Work item: From the listing below, output the lines between the one with "そこで、保全活動に協力いただ" and the one with "Huckleberry hasn't had", including those two, and nothing else. Pictures are not copied.

Records shown:
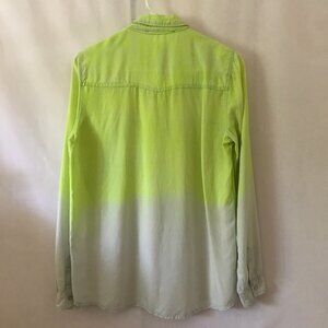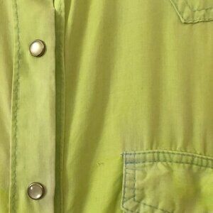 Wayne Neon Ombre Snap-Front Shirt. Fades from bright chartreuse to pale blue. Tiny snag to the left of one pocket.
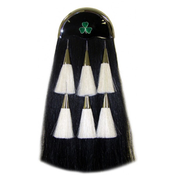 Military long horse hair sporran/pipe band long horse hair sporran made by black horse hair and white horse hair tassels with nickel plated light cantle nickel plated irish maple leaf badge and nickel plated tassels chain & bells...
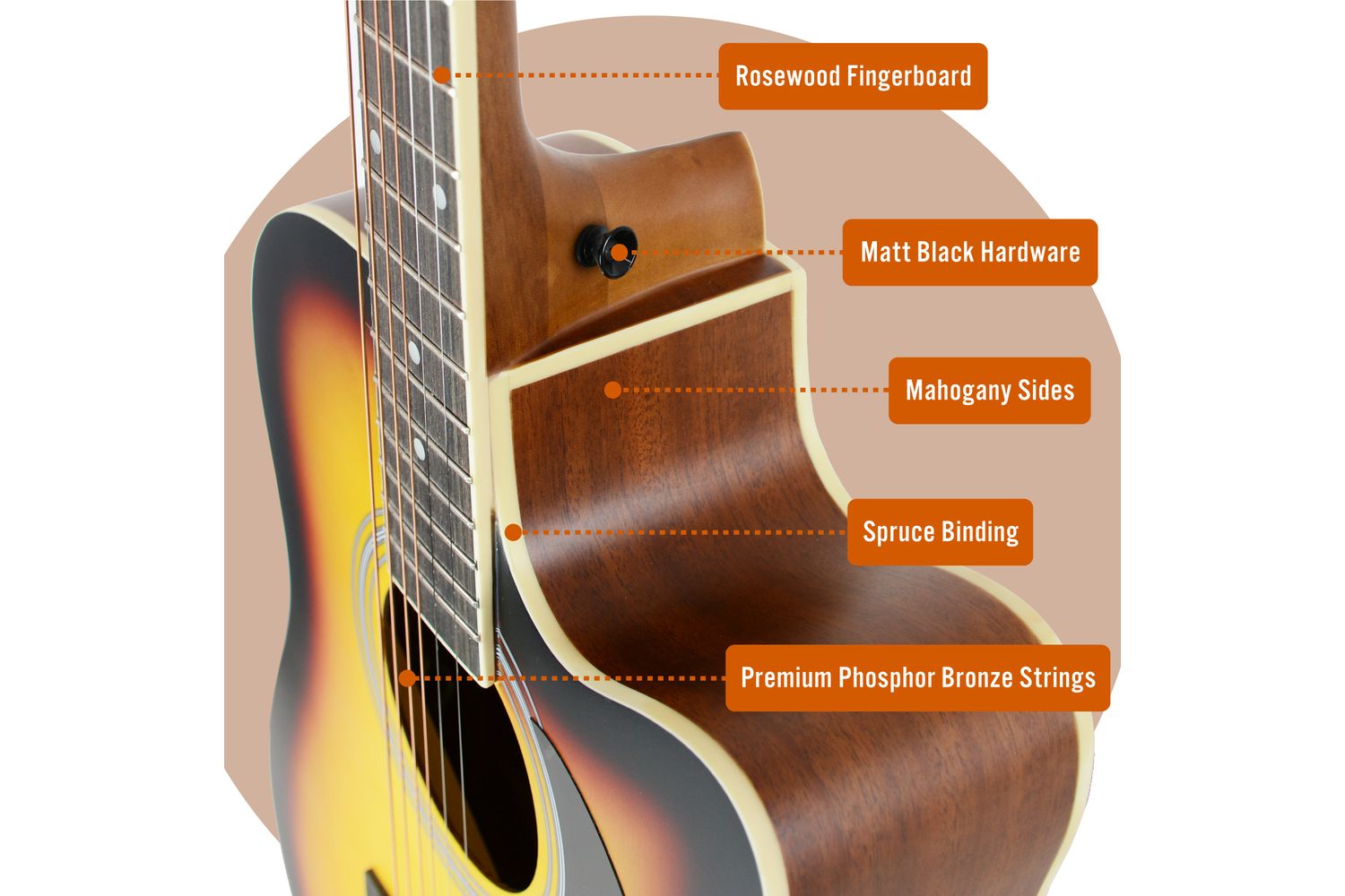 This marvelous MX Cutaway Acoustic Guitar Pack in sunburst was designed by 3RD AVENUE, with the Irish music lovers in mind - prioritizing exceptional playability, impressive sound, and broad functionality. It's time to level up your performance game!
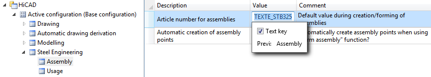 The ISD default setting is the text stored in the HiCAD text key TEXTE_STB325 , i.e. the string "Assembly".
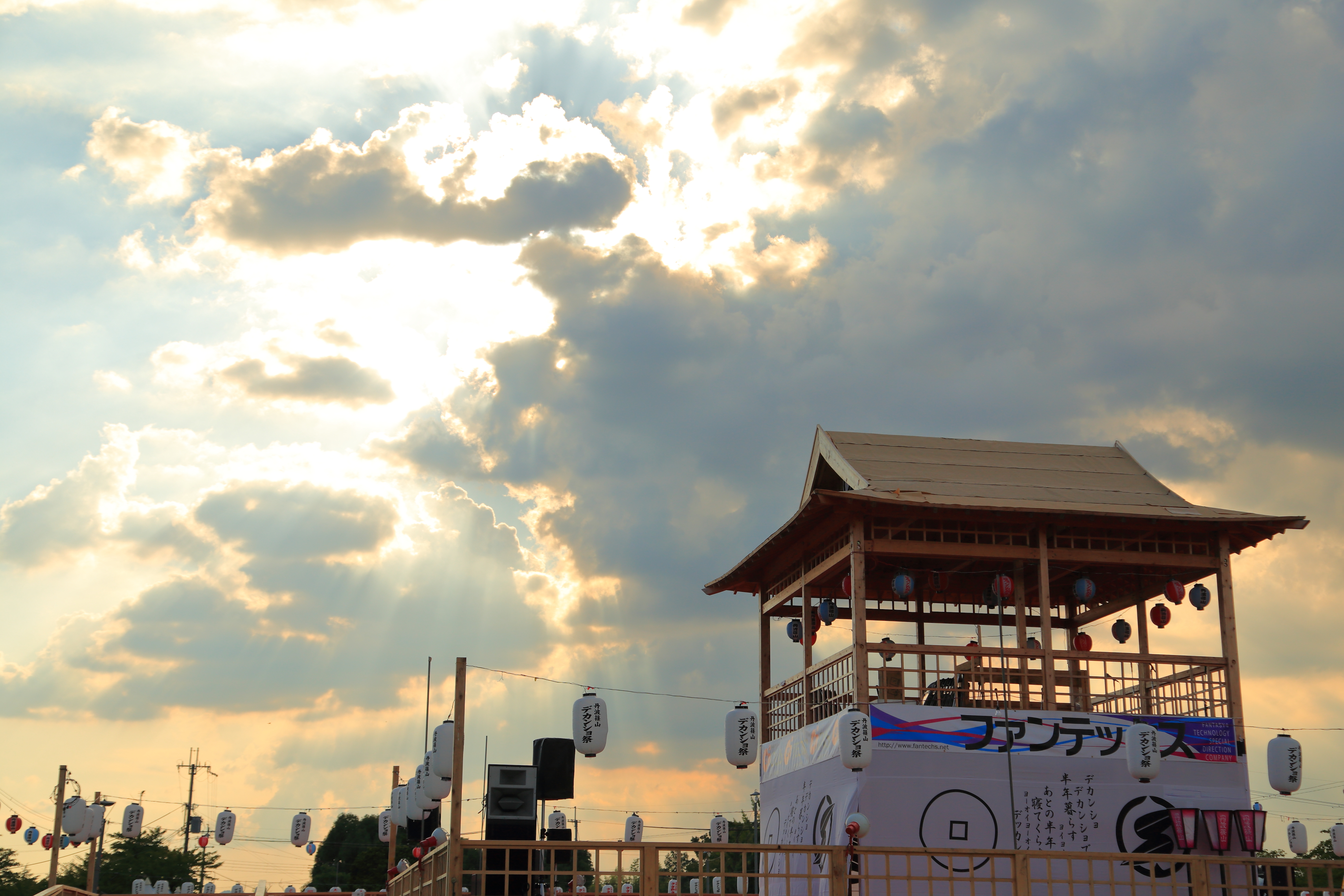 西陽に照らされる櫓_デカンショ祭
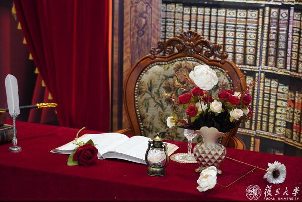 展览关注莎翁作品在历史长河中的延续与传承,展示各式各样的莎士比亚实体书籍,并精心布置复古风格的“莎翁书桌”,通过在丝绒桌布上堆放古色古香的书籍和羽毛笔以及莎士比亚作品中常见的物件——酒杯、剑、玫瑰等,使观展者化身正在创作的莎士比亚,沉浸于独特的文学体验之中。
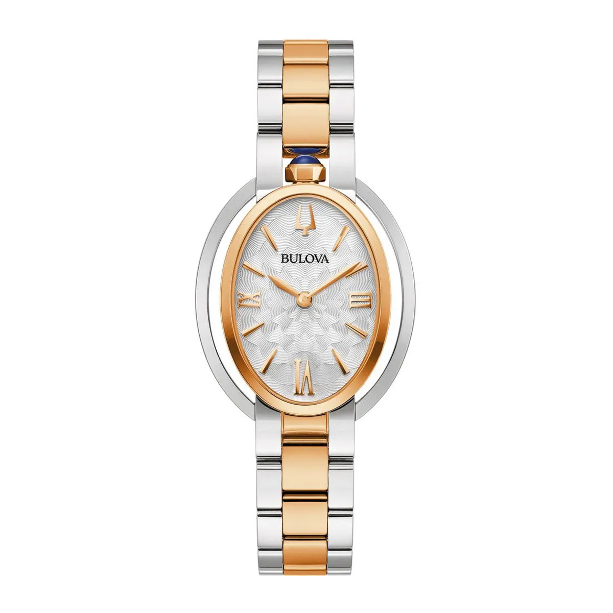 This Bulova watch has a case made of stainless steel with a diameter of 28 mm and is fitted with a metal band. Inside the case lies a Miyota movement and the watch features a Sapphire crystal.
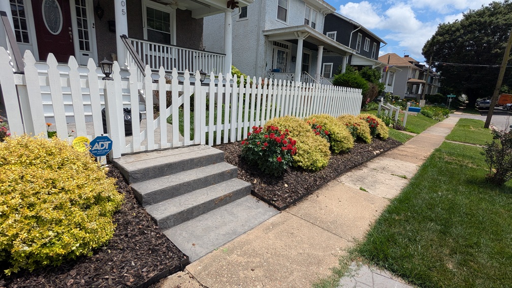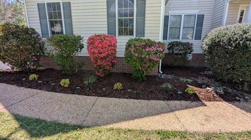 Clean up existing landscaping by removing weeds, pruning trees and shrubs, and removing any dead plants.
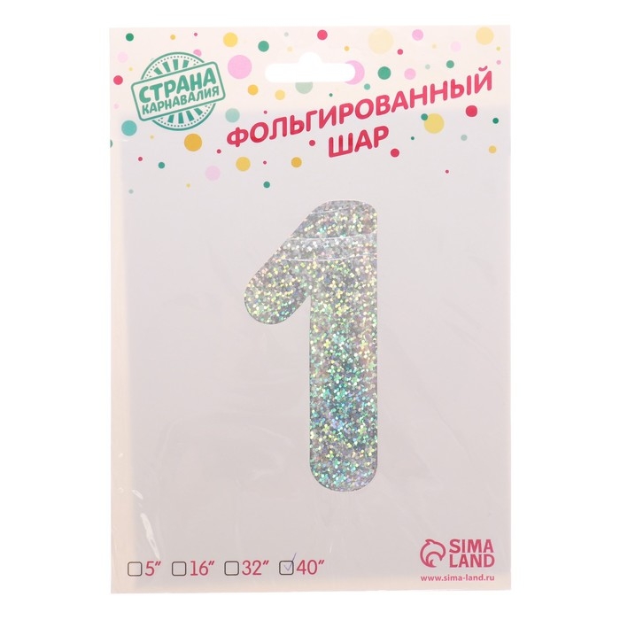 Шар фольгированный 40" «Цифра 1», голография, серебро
--
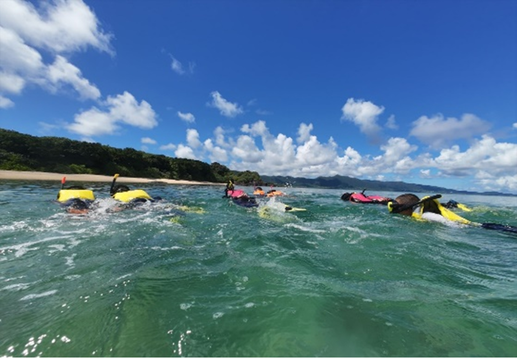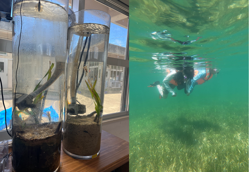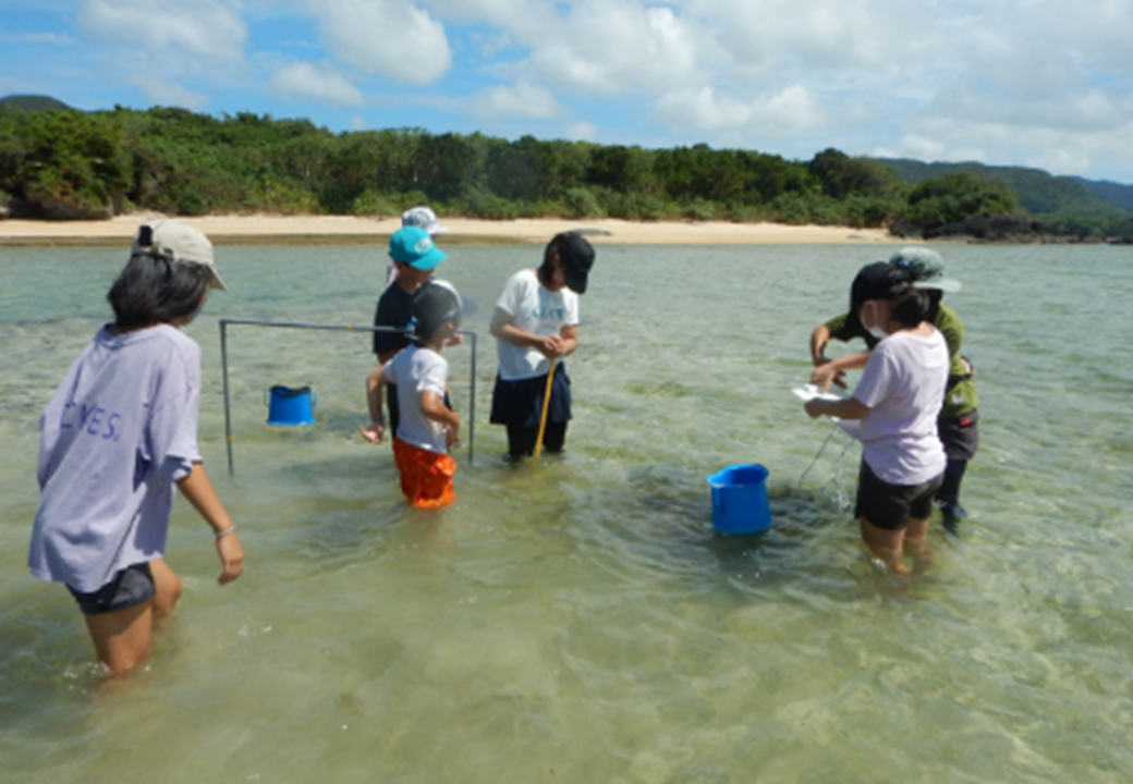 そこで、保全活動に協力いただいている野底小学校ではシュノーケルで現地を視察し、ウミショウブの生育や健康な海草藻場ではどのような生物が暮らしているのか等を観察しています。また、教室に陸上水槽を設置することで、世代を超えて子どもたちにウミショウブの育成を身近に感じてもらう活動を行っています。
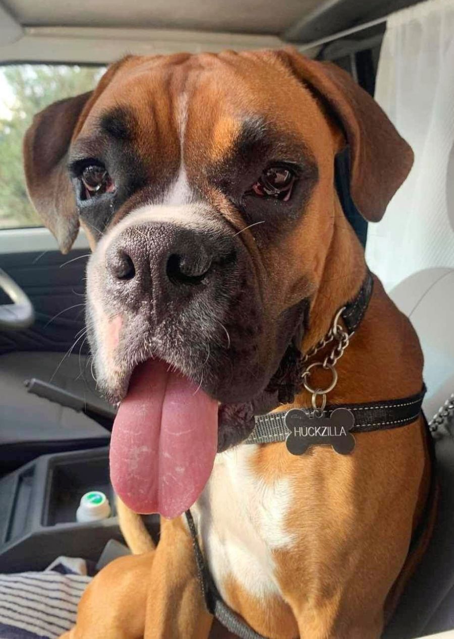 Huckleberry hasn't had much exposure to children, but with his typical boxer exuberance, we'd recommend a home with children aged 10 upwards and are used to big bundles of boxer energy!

Result for this task:
 そこで、保全活動に協力いただいている野底小学校ではシュノーケルで現地を視察し、ウミショウブの生育や健康な海草藻場ではどのような生物が暮らしているのか等を観察しています。また、教室に陸上水槽を設置することで、世代を超えて子どもたちにウミショウブの育成を身近に感じてもらう活動を行っています。
 Huckleberry hasn't had much exposure to children, but with his typical boxer exuberance, we'd recommend a home with children aged 10 upwards and are used to big bundles of boxer energy!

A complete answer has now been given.